Getting sick of the progressively worse slant and obvious bias of the media? Got booted out of other sites for offending too many liberals? Make this your home. If you SPAM here, you're gone. Trolling? Gone. Insult other posters I agree with. Gone. Get the pic. Private sanctum, private rules. No Fairness Doctrine and PC wussiness tolerated here..... ECCLESIASTES 10:2- The heart of the wise inclines to the right, but the heart of a fool to the left.

Monday, June 26, 2006

NY Times Head makes Ironic Comments

The NY Times, and its stuck up editors and owners are lashing out. But, who could blame them since their subscriptions are down, they have plagarists and liars on the payroll who claim to be journalists, and now may face prosecution for leaking intel info.

http://www.newsmax.com/archives/ic/2006/6/23/123456.shtml?s=lh

Some of the venom is too ironic to describe.....

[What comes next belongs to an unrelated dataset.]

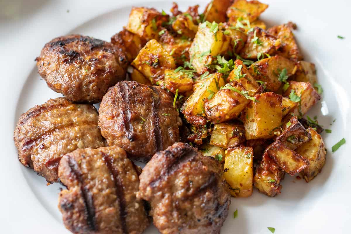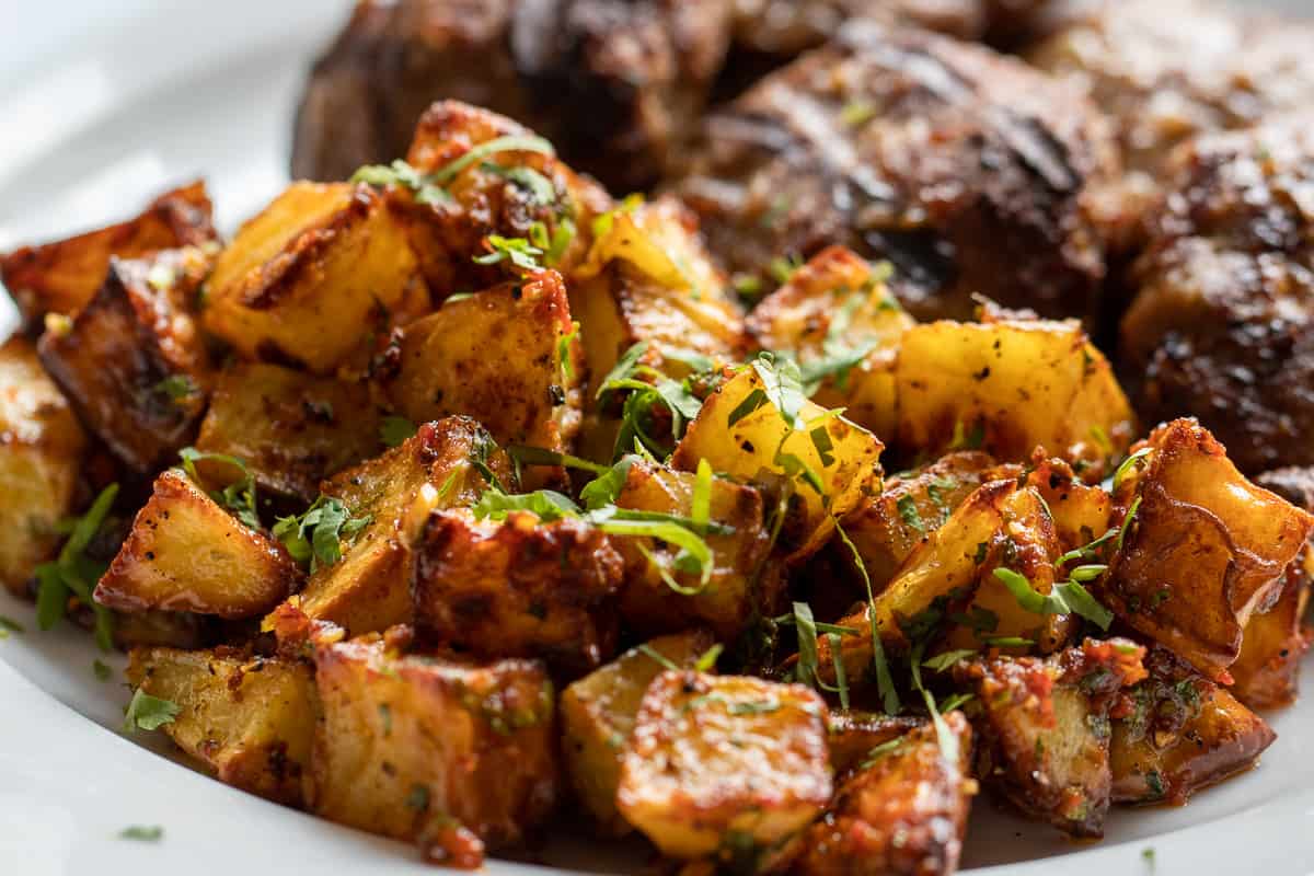 - Grilled meats - Batata Harra can also be served as a side dish to grilled meats like Turkish Chicken Shish Kebab, Adana Kebab (Adana Kofte), Air Fryer Meatloaf, Chicken Meatballs, Harissa Chicken, Grilled BBQ Chicken Thighs, or Turkish Grilled Lamb Kofta - Izgara Kofte.

Former New York Times Executive Editor Howell Raines has leveled a shocking charge against Fox News: The leading cable news network makes up its stories.
In his new autobiography "The One That Got Away,” Raines – who, ironically, resigned over made-up stories at the Times – writes: "Fox, by its mere existence, undercuts the argument that the public is starved for ‘fair’ news, and not just because Fox shills for the Republican Party and panders to the latest of America’s periodic religious manias. The key to understanding Fox News is to grasp the anomalous fact that its consumers know its ‘news’ is made up.
"It matters not when critics point this out to Foxite consumers because they’ve understood it from the outset. That’s why they’re there.”
"Fox Television showed us the future - outright lies and paranoid opinions packaged as news under the oversight of Rupert [Murdoch], a flagrant pirate, and Roger Ailes, an unprincipled Nixon thug.”
After the conservative Web site Newsbusters ran several excerpts from Raines’ book, one e-mailer wrote:
"Fox may have a conservative slant but it is usually quite clear when they go from straight reporter mode to giving their own two bits worth.”
Another e-mail says: "I guess if there’s anyone who should recognize ‘made-up’ news when he sees it, it would be Howell Raines.”
Raines was executive editor at the Times when the Jayson Blair scandal erupted in 2003. Blair, it was revealed, had fabricated stories, inventing quotes and even entire interviews. Raines resigned about a month later, after less than two years at the job.